I think it's maybe something when my it loads fine and configures my network, it leaves something behind what gives faults on the next boot. 

Because when i boot after my ipw3945 didn't load, it works and if I reboot then, it doesn't work.

somebody knows a solution? 

Greetz ska,

----------

## no_hope

Here are some suggestions:

get rid of ieee80211 from /etc/modules.autoload/kernel-2.6, ipw3945 will load it automatically (if it doesn't, there is something wrong)

make sure that the regulatory daemon, /etc/init.d/ipw3945d, starts up on boot. You can't use the card if the daemon is not running.

also, what version of the driver are you running? I had some problems with older ebuilds. Perhaps running "ACCEPT_KEYWORDS=~x86 emerge ipw3945 ipw3945d" will fix your problems.

----------

## ska_p_te

my version of ipw is

net-wireless/ipw3945-1.0

Greetz ska

----------

## no_hope

that's pretty old. Run emerge --sync ; ACCEPT_KEYWORDS=~x86 emerge ipw3945 ipw3945d

----------

## ska_p_te

The update with ACCEPT_KEYWORDS succeeded and solved the problem. 

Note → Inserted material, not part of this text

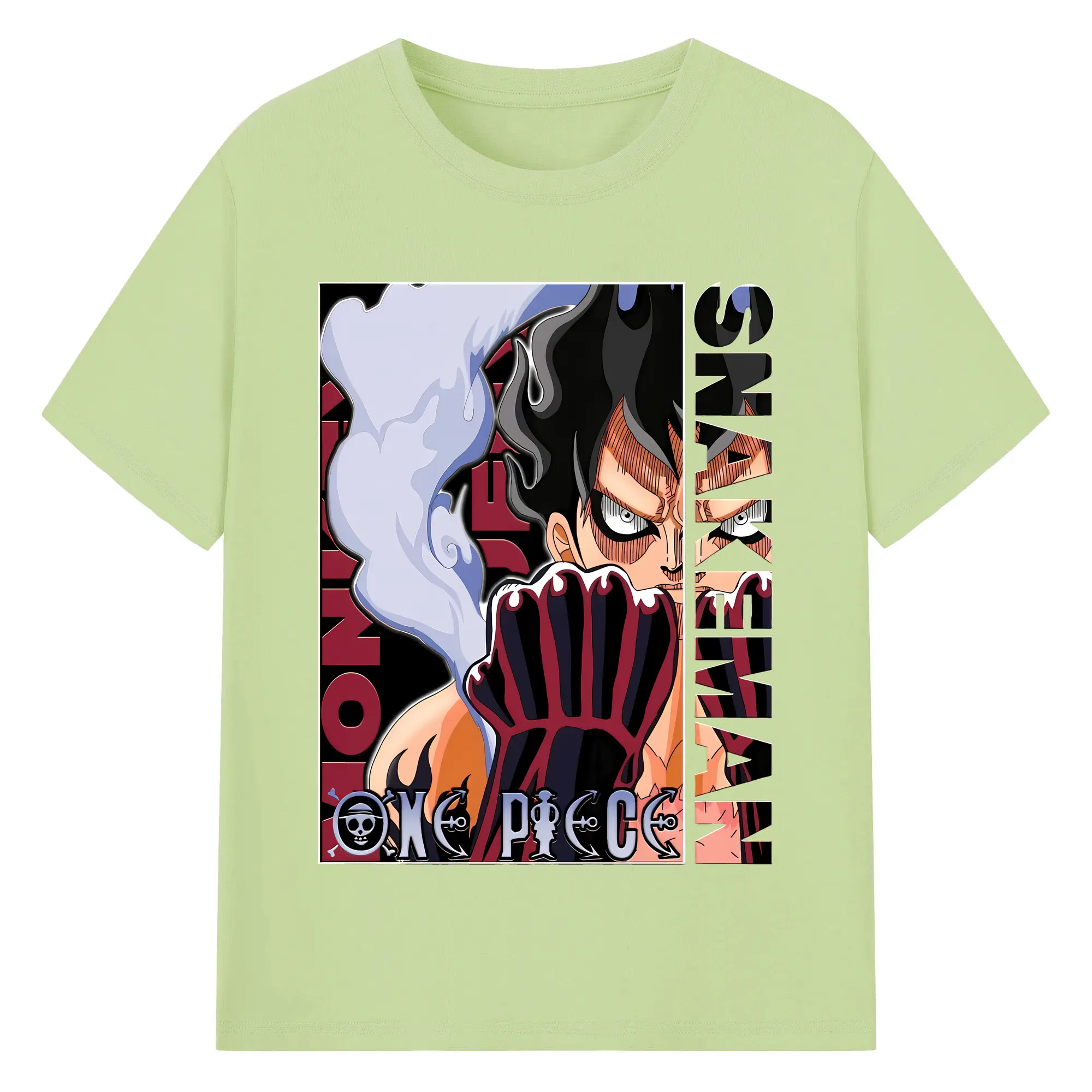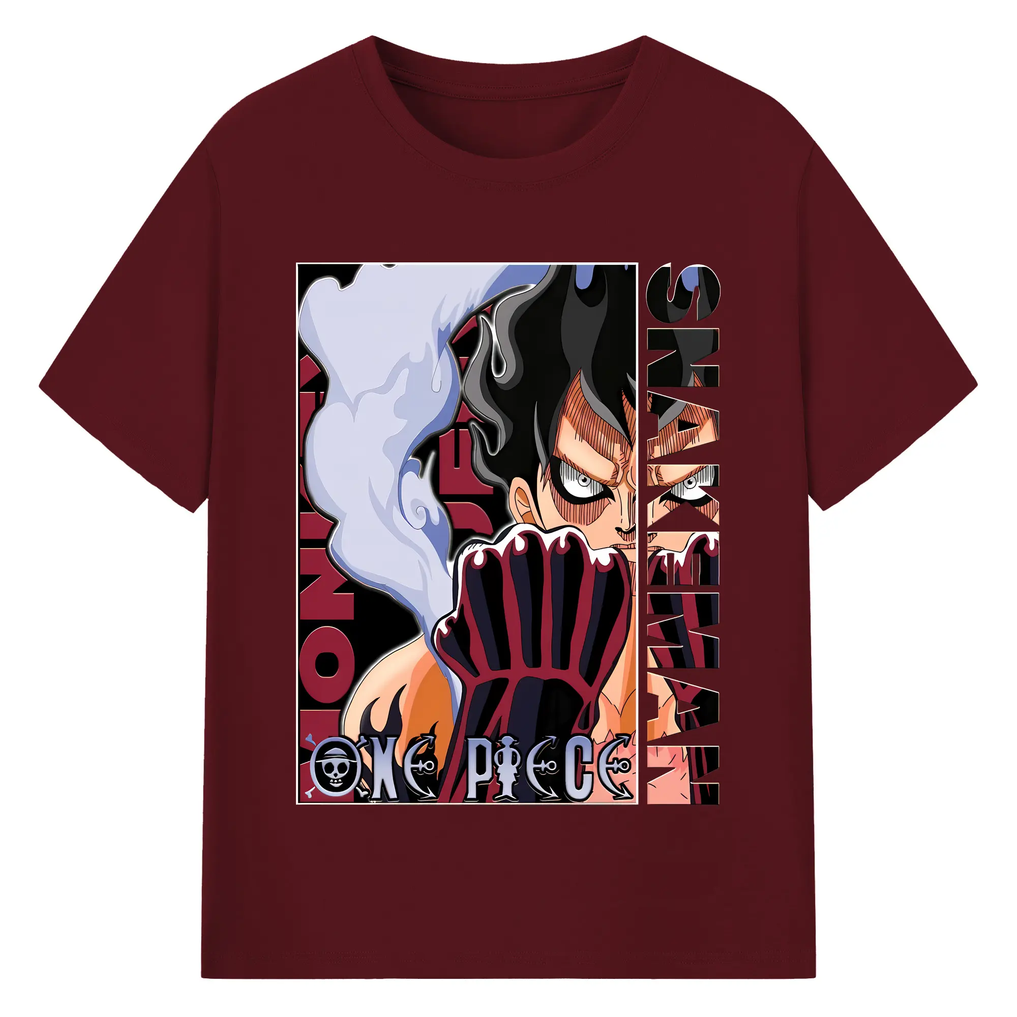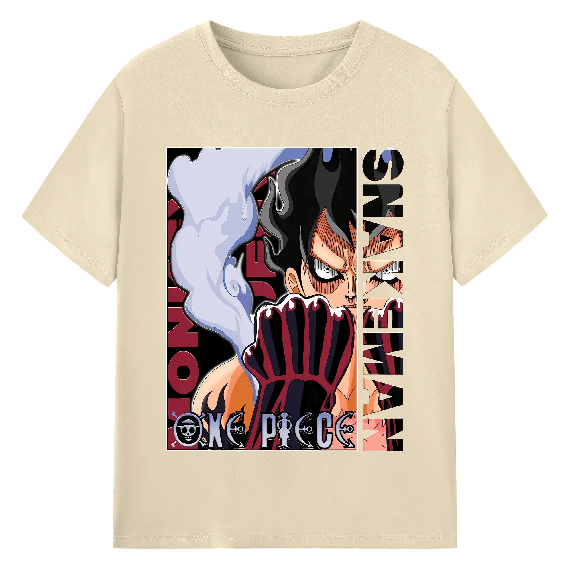 ワンピース グッズ モンキー・D・ルフィ - 綿100% ヴィンテージ風 半袖Tシャツ ・ フロントプリント ・ 柔らか肌触り ・ 通気性 快適 ・ スポーツ カジュアル 外出用

Now it loads ipw3945d also, but before I updated my net.eth0 it was configured while I booted I saw it what was used dhcpd of static, but know it goes automaticly, witouth I see anything. 

That's ok, but I'm just wondering why it is. 

How can I set my DNS server in my net.conf file? 

Thanks for the solution. 

Greetz, 

Ska

----------